A timer can help with electric water heaters if your household has a schedule of getting up, showering, going to work and not using much hot water in the evenings. Water holds its heat well, and you can set the timer to keep the power off most of the day. Some electric utilities even provide discounts and the timers for this.

There are a few moving parts to your question you need to isolate before any answer can be definitive

Instantaneous (on demand flow) or Storage (large tank) heaters?
Daily/monthly Supply charges for both gas and electricity?
Are there other gas using appliances in the house (obv. you have other electrical loads).
Unit cost of each utility (kw/H, PJ, BTU, etc)
Ambient temperature conditions.
Are there variable electrical tariffs based on time of use (heat hot water at night with cheaper power).
Local or state incentives for energy efficient appliances?

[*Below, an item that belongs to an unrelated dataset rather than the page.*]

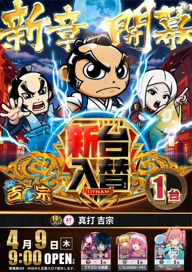 ★10スロット1000円90枚に1台導入★ 真打 吉宗 スマスロ 化物語 L ToLOVEるダークネス P転生したらスライムだった件129ver.

If hot water heating is the only gas user in the house, it’s highly likely disconnecting gas and replacing with an electric heater would be cheaper as you can discount any fixed gas utility supply charges. If the ambient temperature is generally above freezing, an electric heat pump would be even better. Heat pumps have fantastic CoP.

FWIW, I have a 60 gal water heater that costs around $600/yr to run (@ $0.10 per kwh) for a family of four.

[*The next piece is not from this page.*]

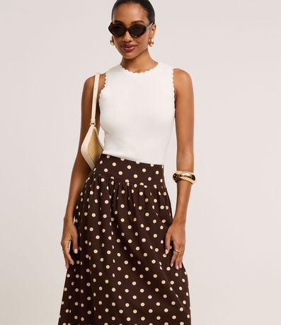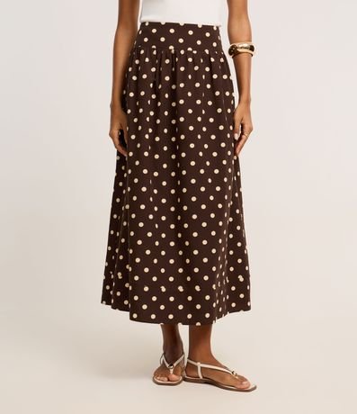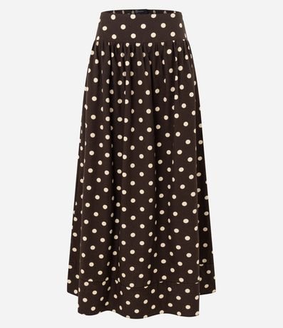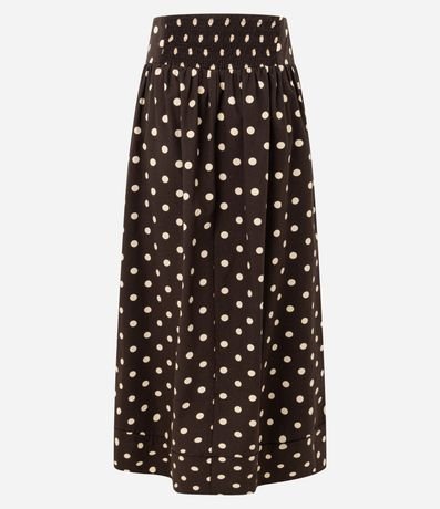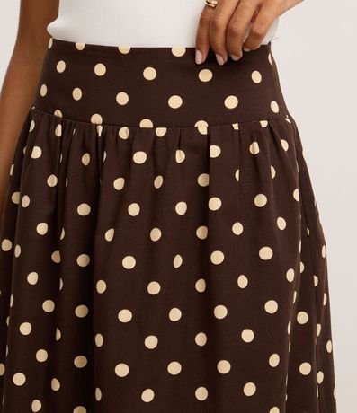 Ref: Saia evasê midi, confeccionado em cotton, com pala larga com lastex atrás do cós e estamparia de poás - bolinhas. Peça bicolor. Este produto possui algodão certificado em sua composição, sendo ambientalmente mais responsável.

Although electricity is pretty cheap we have an oil-fired tank because it heats much faster than electricity. We heat the house partly with electricity and partly with oil. It switches automatically to oil when the outside temperature hits -12 C. At the same time the cost of electricity triples. The rest of the time, we get a 20% discount on our electricity for having this arrangement.

This reminds me that both gas and electric water heaters should have an Energy Star sticker on them that details the annual energy cost based on some assumptions. The OP could visit the local Home Depot (or website) and do some comparisons between comparable models.

But is the 220 line properly terminated, or do you have a live line buried somewhere in the wall just waiting to start a fire?

They disconnected it from breaker panel and took out as much wire as they could reach, about 6 feet.

But they need to put in a dedicated circuit from your fuse box to your new water heater. They can’t use the same circuit used for the other unit.

It’s almost certain that she’ll go with a straight replacement, because she’ll have to pay two service men to change it to electric, and only one to keep it as gas.